# EXERCISE REQUIREMENTS
Since the records include pictures, leave those out while you reproduce exactly and only the lines from the one containing "3年生は、学級活動でした。講" through the one containing "It was easy", inclusive.

# AVAILABLE DATA
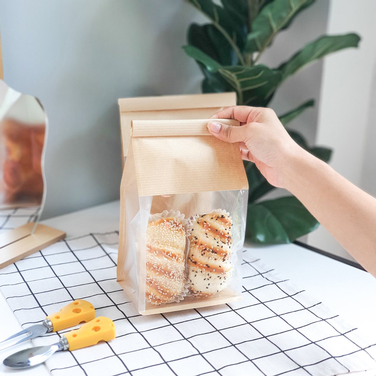 | วัสดุ (MATERIAL) | : ด้านนอกพลาสติก PET ใสเคลือบฟิลม์กระดาษคราฟท์ ด้านในเคลือบ CPP (Cast Polypropylene Films) |
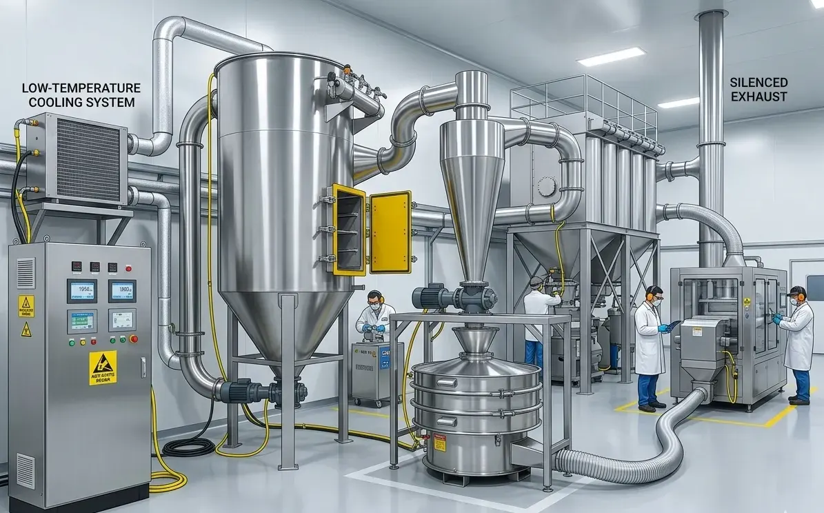 Yhä tiukentuvien maailmanlaajuisten ympäristömääräysten myötä Xingshengwei pysyy alan kehitystrendeissä ja integroi ympäristöturvallisuuskonseptit koko laitteiden tutkimus- ja kehitysprosessiin. Pesticide Superfine Pulverizerin suunnittelu on EPA-, CE- ja ISO 9001 -standardien mukainen ja täyttää täysin kotimaiset ja kansainväliset ympäristövaatimukset. Sen alipaineinen suljetun silmukan järjestelmä voi estää pölyn vuotamisen, suojella työntekijöiden terveyttä ja vähentää ympäristön saastumista; Laitteet on myös varustettu antistaattisella rakenteella, joka pystyy käsittelemään torjunta-aineen murskausprosessin aikana syntyvän staattisen sähkön, mikä varmistaa turvallisen toiminnan myös syttyvien tai myrkyllisten materiaalien kanssa. Lämpöherkille torjunta-aineille Xingshengwei tarjoaa myös valinnaisen matalan lämpötilan jäähdytysjärjestelmän aktiivisten ainesosien hajoamisen estämiseksi, mikä heijastaa täysin Xingshengwein palvelufilosofiaa "asiakas ensin, turvallisuus etusijalla".
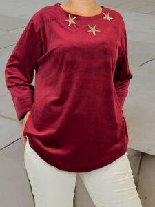 Λαμπερή Velvet Μπλούζα με Σχέδιο Αστέρια
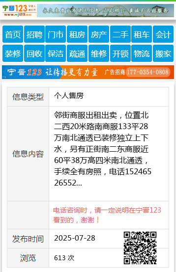 邻街商服出租出卖,位置北二西20米路南商服133平28万南北通透已装修独立上下水,另有正街南二东商服近60平38万高四米南北通透,手续全有房照,电话15246526552 【电话咨询时,请一定说明在望奎信息网看到的,谢谢!】 |
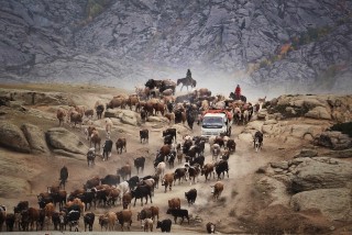 哈萨克牧民秋季转场——2018年9月24日,新疆阿勒泰,转场的牧民们已经使用上了汽车和摩托车。一部小货车载着老人孩子和日常生活用品,时而跟随着牧民的迁徙队伍,时而穿行在广袤原野上。
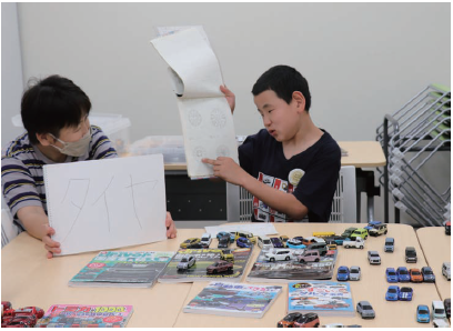 9月7日、市民プラザで「みんながセンセイ!みんなが生徒!たんばまなびのマルシェ2025」が開催され、12人のセンセイが自分の好きなことや得意なことを生かして授業を行いました。新井小6年生のそうちゃんセンセイ(小澤奏太(おざわそうた)くん、写真右)は、車の魅力をテーマに授業に挑戦し、「とても緊張したけど、自分が車のどんなところを好きかを伝えることができてよかった」と話していました。
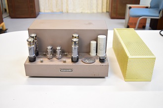 最近ヤフオクで落札されましたが、聴いていると真空管が赤くなり音が出なくなりました。見るとヒューズが飛んでいるので修理を依頼されました。
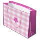 Cute Trendy Pink White Plaid Pattern with Photo "Happy 15th Birthday" Large Size Gift Bag Design.
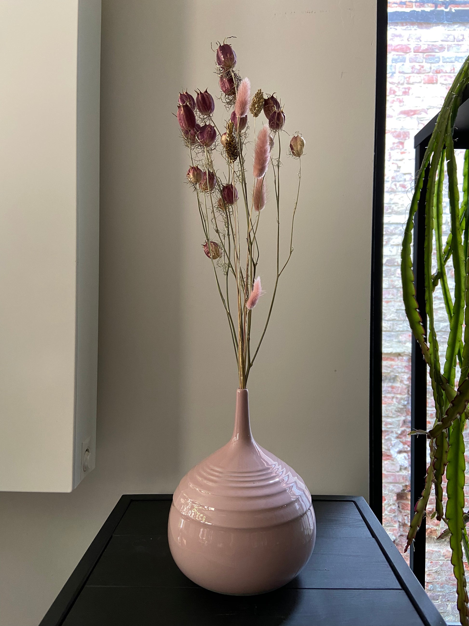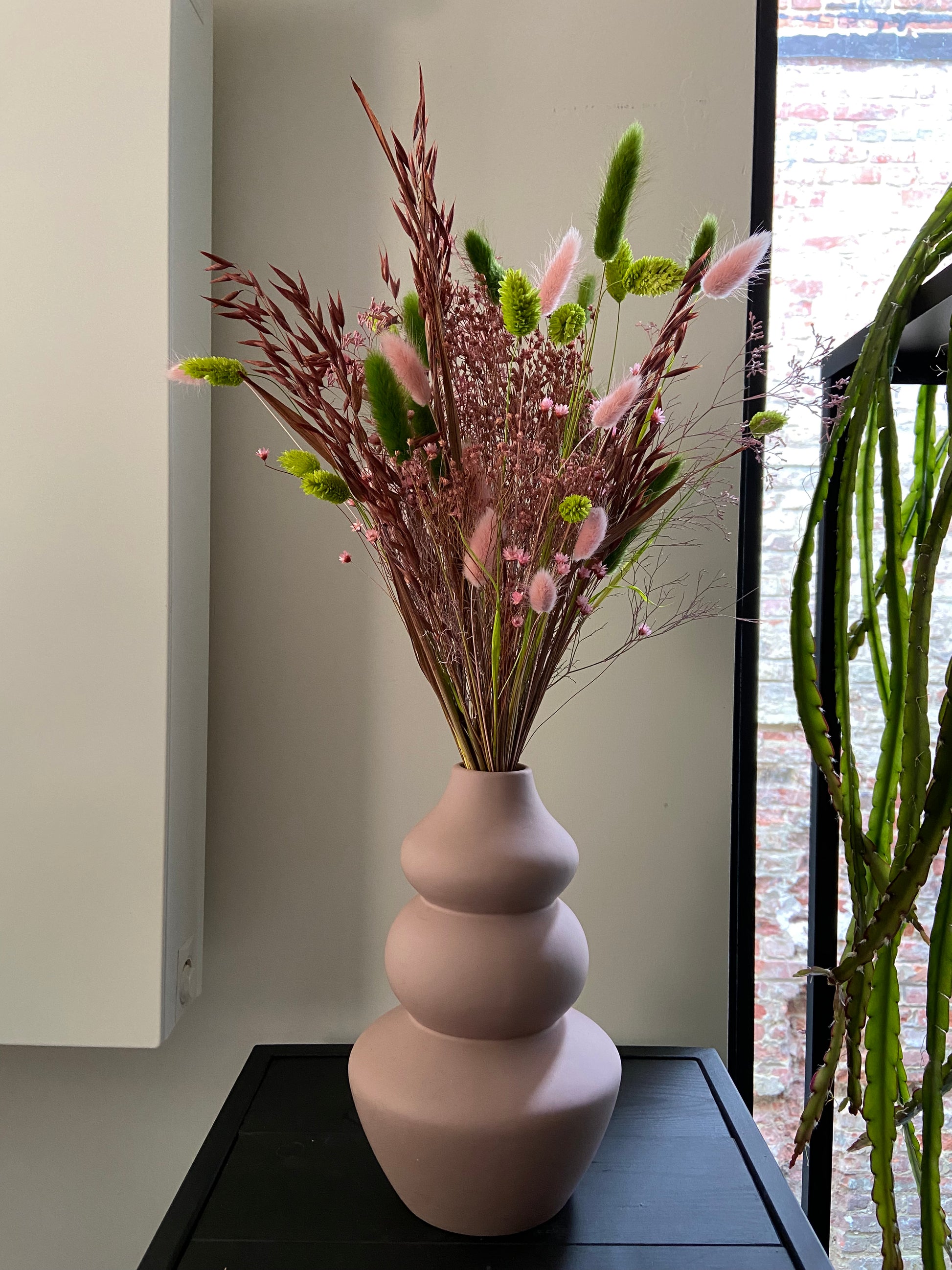 Ben je op zoek naar het perfecte Moederdagcadeau? Zoek dan niet verder! Dit geheel waarin we een prachtige roze vaas combineren met een bijpassend droogboeket zal zeker stralen.
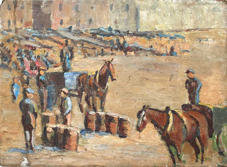 Horses on the Beach. Unsigned. 1938. Oil on Board. Unique. 35x27cms
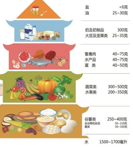 蔬菜保證每天攝入300至500克,深色蔬菜應(yīng)占1/2;水果保證每天攝入200至350克,果汁不能代替鮮果;奶制品攝入量相當(dāng)于每天液態(tài)奶300克;豆制品每天攝入量相當(dāng)于大豆25克以上,適量吃堅果。
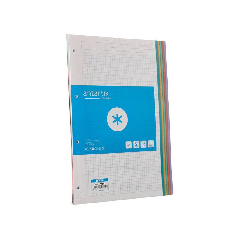 RECAMBIO A4 ANTARTIK 80 HOJAS 90G/M2 CUADRO 5 MM 4 TALADROS BANDAS DE 5 COLORES PASTELES
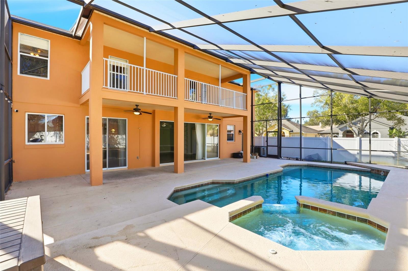 Welcome home to luxurous living in the coveted Central Florida community of Tuscany at Lake Mary. With 3,402 square feet, this home exemplifies the ideal layout to maximize family fun and entertainment. Let's imagine preparing to host a pool party in your dream home to celebrate one of the area's award-winning sports team. You may decide to hop into your golf cart, which is parked in the third bay of your garage, take a spin around the neighborhood, stopping to take a moment to relax at the serene neighborhood lake before heading to the farmer's market or one of the boutique shops to grab a few last minute goodies. As you return to your gated community, you wave to a few neighbors who are taking a leisurely stroll. You enter through your grand entry door, take in the view of the natural light beaming through to your living and dining room. It is at that moment, you notice the pool and spa looks very inviting today. You grab a refreshing drink from your drink fridge and a recipe book from your built-in shelves in the family room, place the bags on the counter between the kitchen and the family room, open the three-panel sliding glass doors, take a seat by the pool to look for your favorite guacamole dip recipe to use the fresh avocados acquired at the farmer's market earlier. You head into the kitchen, grab a few items within your deep storage pantry, place the items on the island, and commence to making a quick breakfast for the family using your Whirlpool appliances. The phone rings and it is your family member informing you that he is boarding the plane and will be arriving in a couple of hours. You run into the laundry room, grab fresh sheets from one of the many storage shelves, head to the office/guest bedroom and dress the Murphy bed. You decide to go upstairs to awaken the family. As you pause on the landing of the stairs, you take a quick look around the circular view to the upstairs, bask in the sunlight entering through the glass windows, and realize that each of the four bedroom doors are open. The family must be in the oversized multi-purpose room enjoying the morning. After morning greetings, you head downstairs and enjoy breakfast at the kitchen table. The family disperses to prepare for the big event. You head upstairs, walk into your massive primary suite, pass through your dual large sinks, and enter into the first of your two walk-in closets to grab your favorite shorts. You would love to take a soak in the garden tub, but there is not enough time. Therefore, you jump into the walk-in shower. Fast forward and the party is a great success. A friend would like to spend the night. As the they are preparing for the nught, you overhear your spouse direct the friend to the bathroom, noting the beautiful double counter and toilet are brand new in their bathroom. You decide to relax on your expansive balcony enjoying the colors of the LED lights on the pool, and reflect on the beautiful day. You fall asleep thinking about your plans to explore an Orlando-area park or enjoy one of the picturesque beaches located within 30 minutes of your home. WAKE UP! This exquisite home could be your reality. Do not hesitate, call today! Note: Vinyl privacy fence (2021), HVAC (2020); Re-roof (2019); Water Heater (2025).
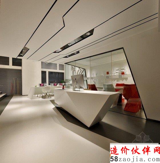 成都万科钻石广场loft办公室设计,设计理念来源于对自然的向往与追求,自然万物有着不一样的形态、生命和节奏。自然是一种无形、抽象的事物,所以设计师在本案中采用不规则形和块面变化来诠释大自然的美。原有室内空间相对方正,设计师以建筑空间手法入手,通过曲折、斜向及切割体现关系的变化,使空间产生一种韵律的节奏。
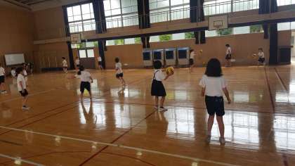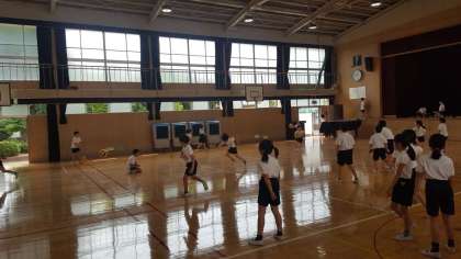 3年生は、学級活動でした。講堂でキャッチボールをしていました。ソフトバレーボールを投げていたので、取りにくかったようです。でも楽しんでいました。
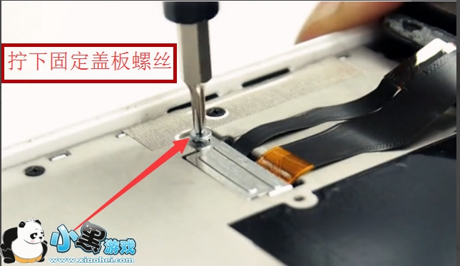 4、当屏幕与机身分离后你会看到排线所在的地方,用螺丝刀拧下螺丝,用镊子取下排线固定盖片,并将取下来的零件分类放好。具体操作如图所示。
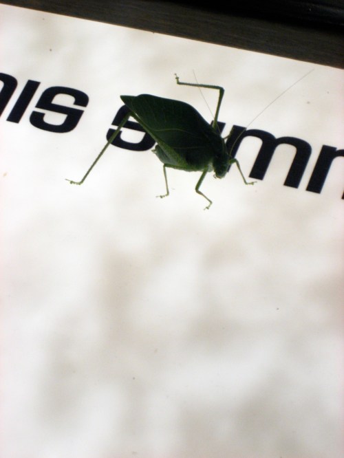 Actually it was a very cool katydid perched on Mana Food Bar’s glowing outdoor sign last night. Props to Tonia for getting close enough to take shot number two.
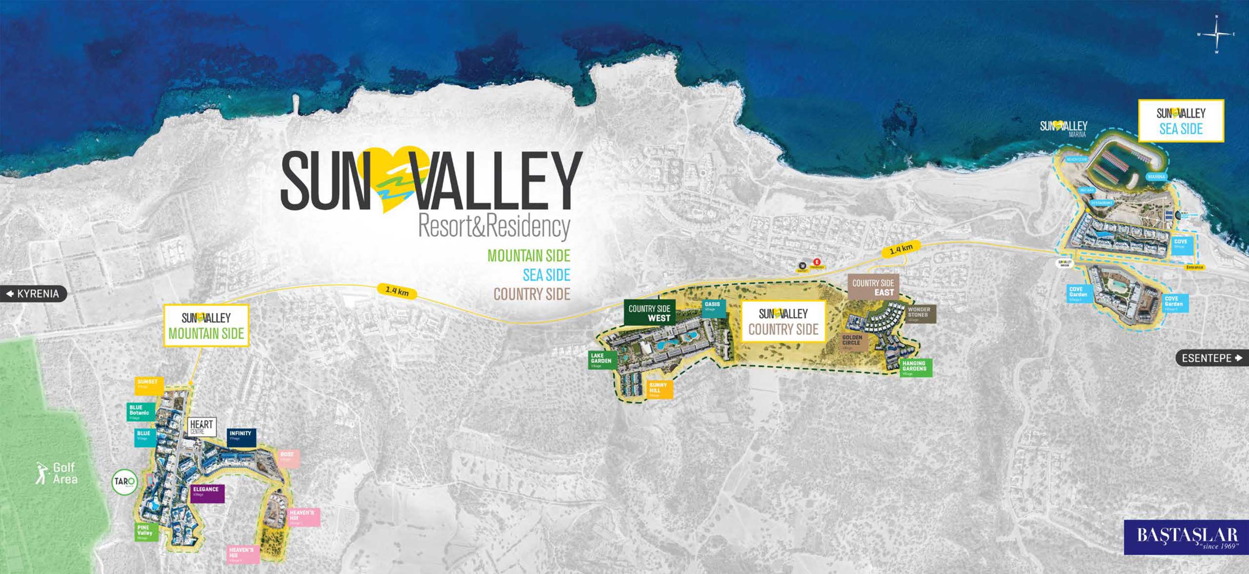 Mehr InformationenSun Valley ist eine „Mini-Stadt“-Gemeinschaft in Nordzypern, die aus drei Regionen besteht – Mountainside, Seaside und Countryside. Insgesamt umfasst sie 18 Dörfer mit hochwertigen Apartments, Villen und Stadthäusern.
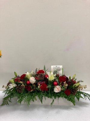 It was easy to order online, and the flowers were ready for pickup at the promised time. A beautiful Christmas arrangement! Thank you!
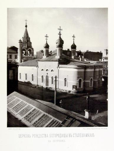 | Keywords: N.A.Naidenov (1882) 26. Nativity in Stoleshniki.png Це ковь Рождества Бого одицы в Столешниках на Пет овке осква Church of the Nativity of the Theotokos in Stoleshniki Moscow Plate 26 vol 2 of иколай айденов осква Собо ы монасты и це кви 1882 <br>Online source http //imwerden de/pdf/najdenov_moskovskie_sobory_tom2_1882 pdf Photographed in 1881 published in 1882 Nikolai Naidenov 1834-1905 PD-Old-100 thumb left cropped 55 45 47 58193886762001 N 37 37 1 2183952331542969 E Demolished churches in Moscow Destroyed in the Soviet Union in 1928 Naidenov Album 1882 2 26 Photographs by Nikolay Naidenov Historical images of Petrovka Street 11 Stoleshnikov Lane 22 |
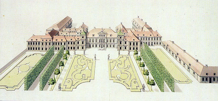 Pałac Morsztynów w XVIII wieku od strony Placu Piłsudskiego i Ogrodu Saskiego
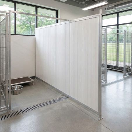 Panneau latéral de séparation robuste de type sandwich (200 x 185 cm) pour optimiser le compartimentage et la sécurité des niches pour chiens. Matériau durable, hygiénique et facile à nettoyer, idéal pour les installations professionnelles.
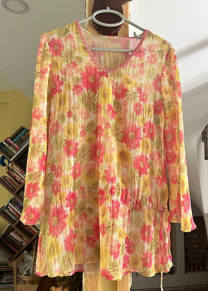 Bikini üstü pareo transparan çiçekli beli kemerli ipli sorunsuz
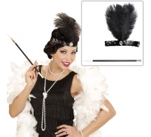 1920 ler Tarzı Siyah Tüylü Saç Bandı Rugan Siyah Eldiven ve Siyah Otri̇ş Seti

# THE COMPLETED TASK
 3年生は、学級活動でした。講堂でキャッチボールをしていました。ソフトバレーボールを投げていたので、取りにくかったようです。でも楽しんでいました。
 4、当屏幕与机身分离后你会看到排线所在的地方,用螺丝刀拧下螺丝,用镊子取下排线固定盖片,并将取下来的零件分类放好。具体操作如图所示。
 Actually it was a very cool katydid perched on Mana Food Bar’s glowing outdoor sign last night. Props to Tonia for getting close enough to take shot number two.
 Mehr InformationenSun Valley ist eine „Mini-Stadt“-Gemeinschaft in Nordzypern, die aus drei Regionen besteht – Mountainside, Seaside und Countryside. Insgesamt umfasst sie 18 Dörfer mit hochwertigen Apartments, Villen und Stadthäusern.
 It was easy to order online, and the flowers were ready for pickup at the promised time. A beautiful Christmas arrangement! Thank you!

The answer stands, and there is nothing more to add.